I have published a new article on ‘judgement’ as a comparative analysis of its role in psychoanalysis and in cognitive theory.
The article will be available to anyone who subscribes to the BACP’s ‘Private Practice’ periodical in the July ’23 edition.
Here is a snippet….
The Role of Judgement in Psychotherapy
Freud .v. cognitive theory?
The dominant theory of emotions in the latter part of the twentieth century was that they are a form of evaluative judgement concerning an object, be that a person, a thing, or a situation. Accordingly, any feeling of pity I have toward ‘A’, for instance, is preceded by the judgement that ‘‘A’ is worthy of pity’. What we will simply call the ‘judgement theory’ is primarily associated with the cognitivist school of philosophy and psychology, which represented a departure from both Freud’s highly influential instinct theory and the physicalism of the late nineteenth century.
For the purpose of this essay, we can say that a founding assumption in cognitive psychology and philosophy alike, is that judgement, discernment – thinking – is our principle tool in understanding the world. Our emotional experience is mediated through how and what we think and, as such, does not represent a direct experience of the world.
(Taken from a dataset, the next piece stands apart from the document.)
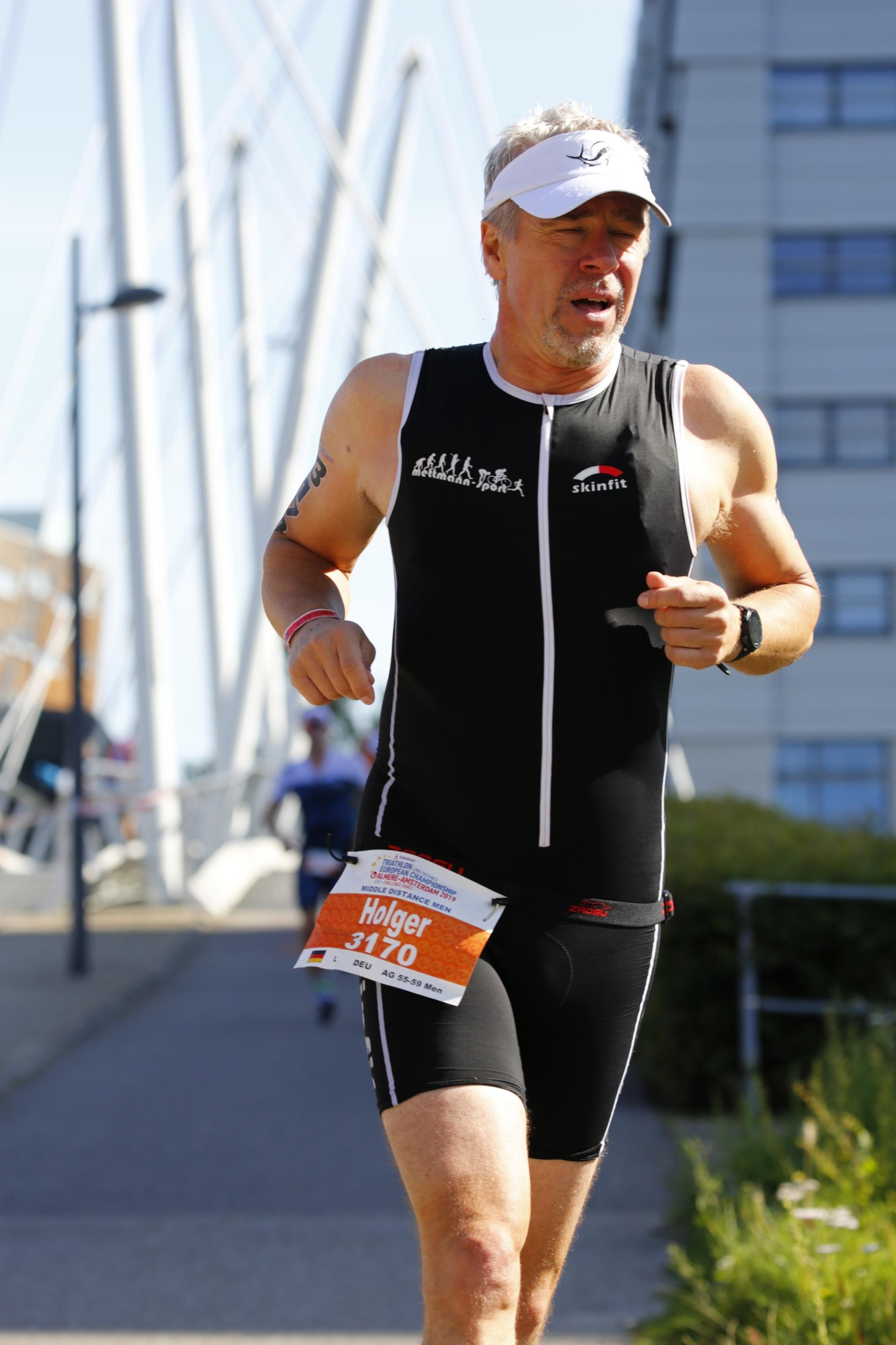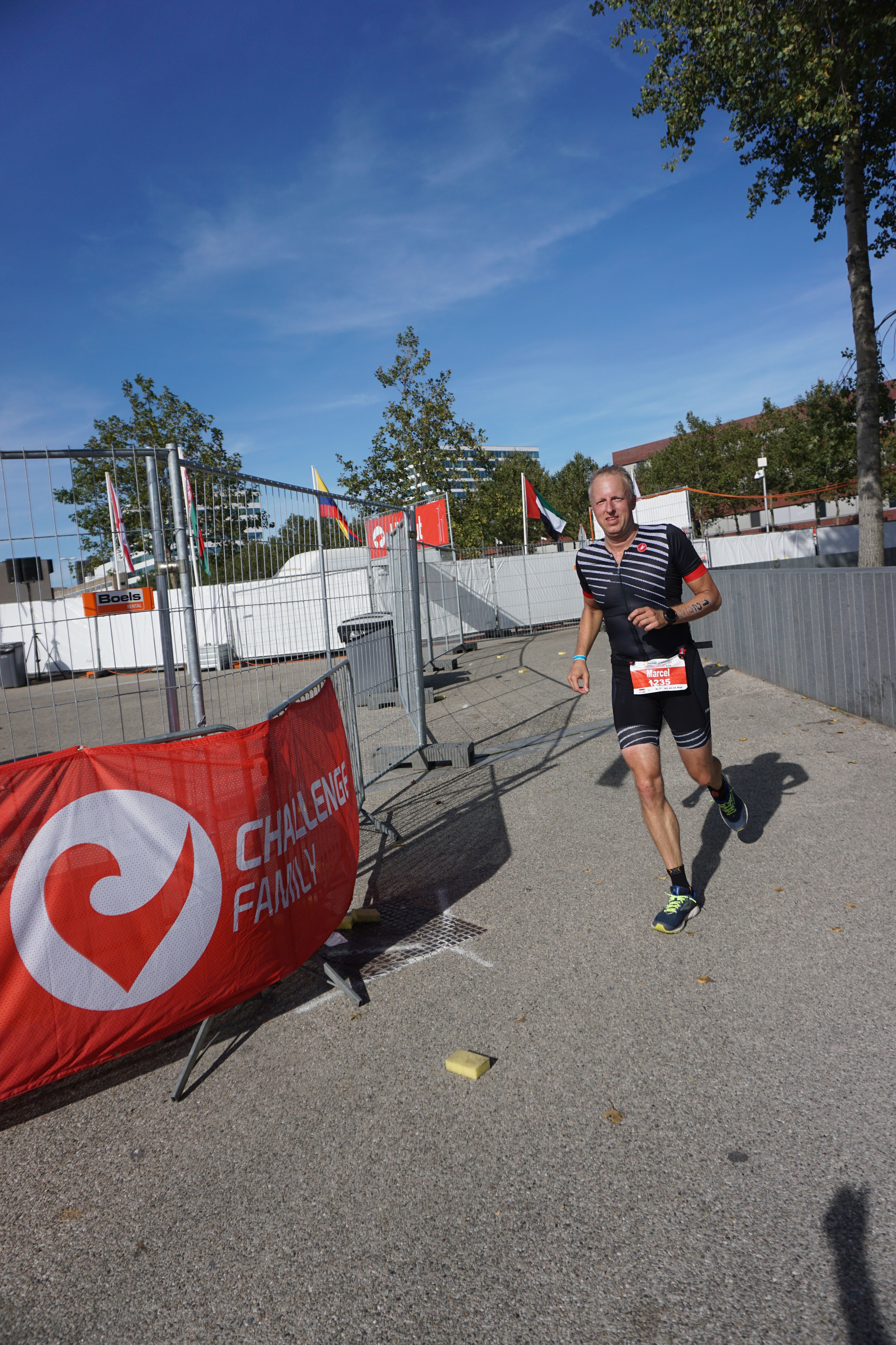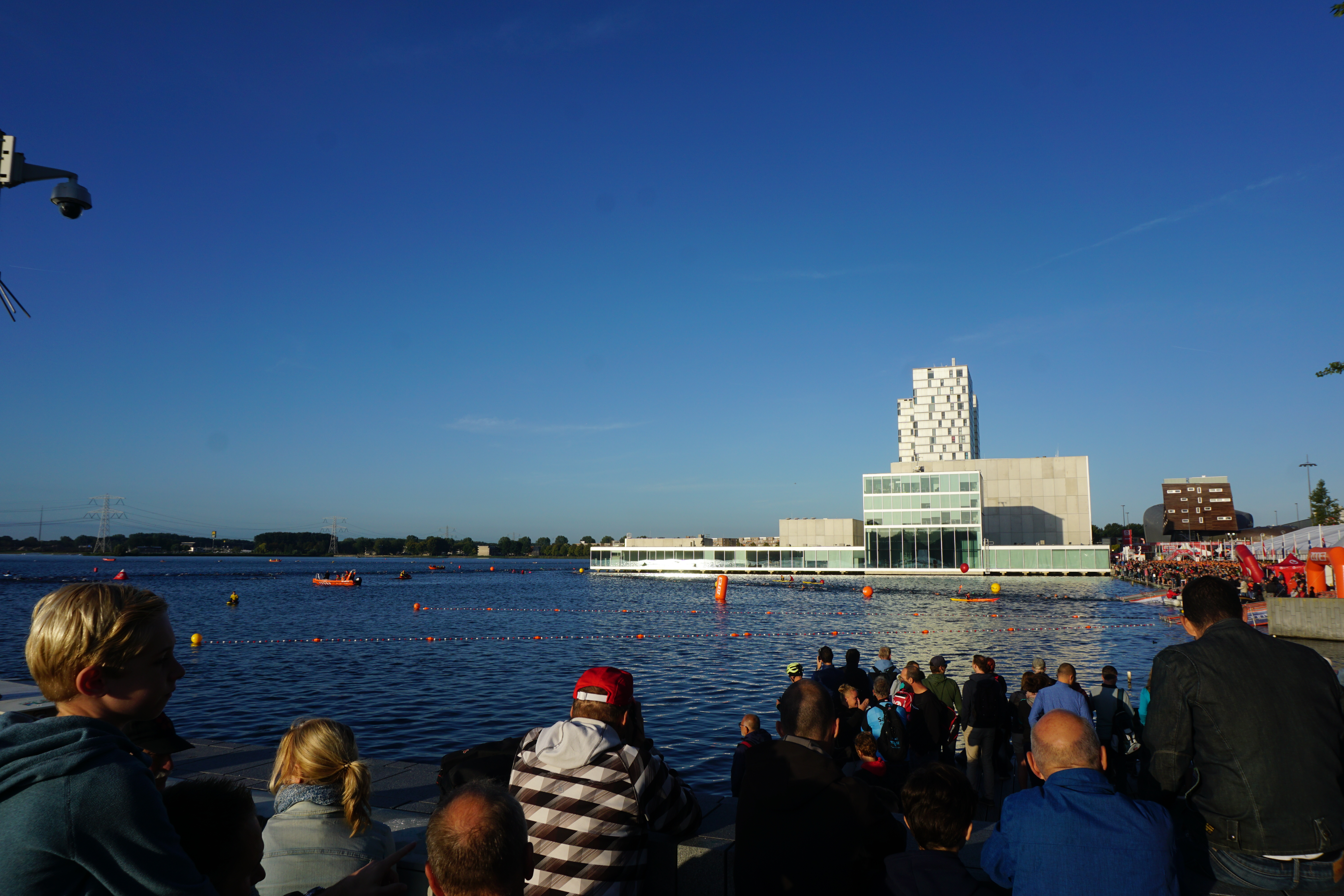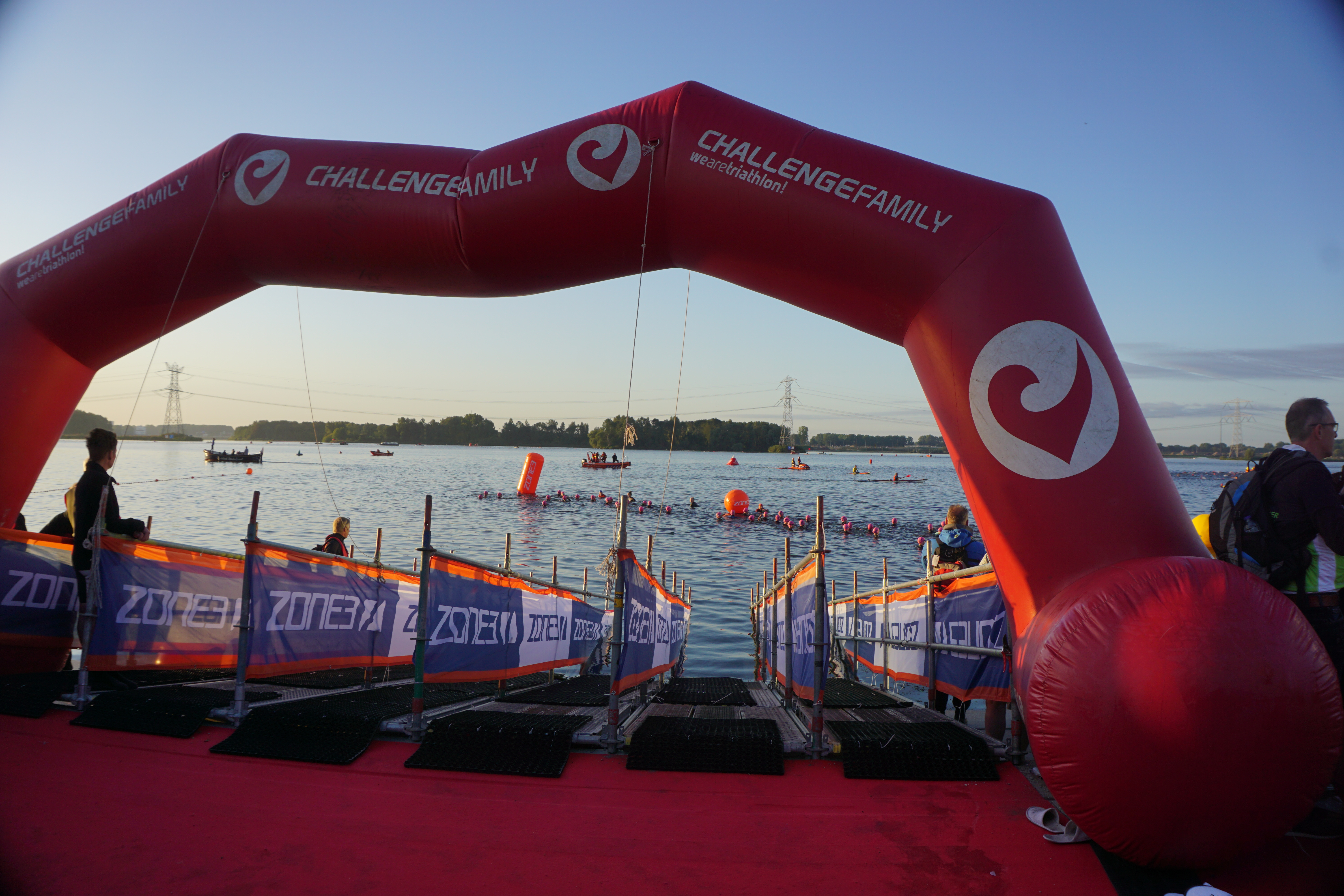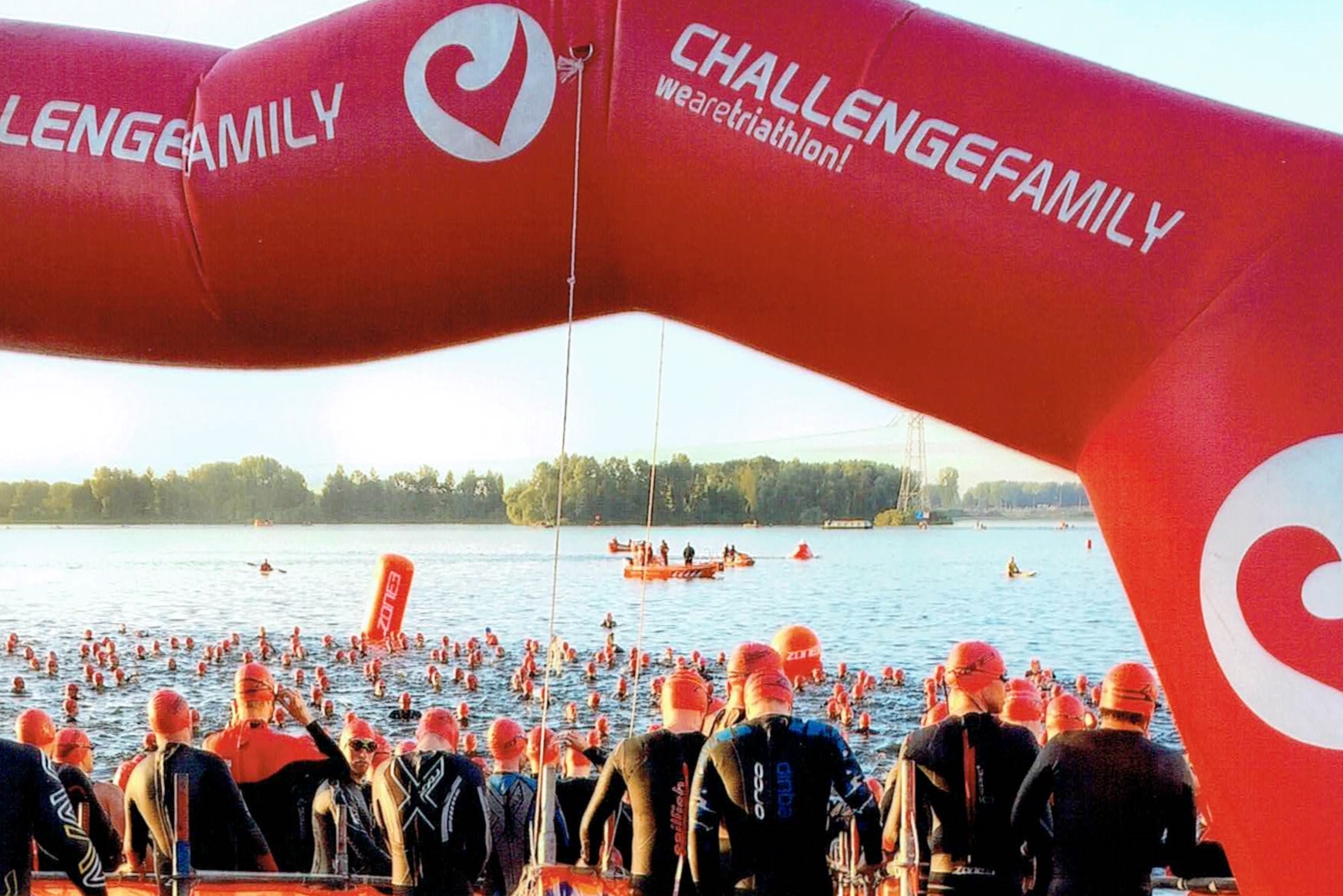 Startbogen des Triathlons über Wasser, mit Teilnehmern in Neoprenanzügen und roten Bojen erkennbar.

What this brief paper will try to illustrate, firstly, is that Freud was in fact explicit in stating the importance of the concept of ‘judgement’ in psychoanalytic theory. This will entail a response to criticisms of Freud that he was ‘in need of an account of the meaning that he located in an emotion’s intentionality’ (Deigh, 2009, p26), what I will call the ‘because’ of an emotional state: why it is being expressed as such. We will argue also that a cost of Freud’s own account of judgement is that Freudianism remains vulnerable to the accusation of pessimism. Secondly, we will suggest that it is in fact judgement theory itself that must be considered tenuous and, finally, we will attempt a synthesis of views between the cognitivist and the psychoanalytic view of judgement; one which demonstrates not only their differences but their mutual dependence.